Dislocation of HMG-CoA reductase and Insig-1, two polytopic endoplasmic reticulum proteins, en route to proteasomal degradation

The endoplasmic reticulum (ER) glycoprotein HMG-CoA reductase (HMGR) catalyzes the rate-limiting step in sterols biosynthesis. Mammalian HMGR is ubiquitinated and degraded by the proteasome when sterols accumulate in cells, representing the best example for metabolically controlled ER-associated degradation (ERAD). This regulated degradation involves the short-lived ER protein Insig-1. Here, we investigated the dislocation of these ERAD substrates to the cytosol en route to proteasomal degradation. We show that the tagged HMGR membrane region, HMG₃₅₀-HA, the endogenous HMGR, and Insig-1-Myc, all polytopic membrane proteins, dislocate to the cytosol as intact full-length polypeptides.
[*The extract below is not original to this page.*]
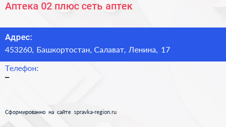 Аптека 02 плюс, сеть аптек по адресу 453260, Башкортостан, Салават, Ленина, 17 в дальнейшем Организация, размещена в следующих категориях:
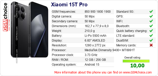 Do you have your website? Do you want to insert information about basic phone data of Xiaomi 15T Pro somewhere? It is very easy. You can download the picture, or copy and paste the code below on the page:Pasting this code will display the following image:

Dislocation of HMG₃₅₀-HA and Insig-1-Myc requires metabolic energy and involves the AAA-ATPase p97/VCP. Sterols stimulate HMG ₃₅₀-HA and HMGR release to the cytosol concurrent with removal of their N-glycan by cytosolic peptide:N-glycanase. Sterols neither accelerate dislocation nor stimulate deglycosylation of ubiquitination-defective HMG ₃₅₀-HA^{(K89 + 248R)} mutant. Dislocation of HMG ₃₅₀-HA depends on Insig-1-Myc, whose dislocation and degradation are sterol independent. Coimmunoprecipitation experiments demonstrate sterol-stimulated association between HMG₃₅₀-HA and Insig-1-Myc. Sterols do not enhance binding to Insig-1-Myc of HMG₃₅₀-HA mutated in its sterol-sensing domain or of HMG₃₅₀-HA^{(K89 + 248R)}. Wild-type HMG₃₅₀-HA and Insig-1-Myc coimmunoprecipitate from the soluble fraction only when both proteins were coexpressed in the same cell, indicating their encounter before or during dislocation, raising the possibility that they are dislocated as a tightly bound complex.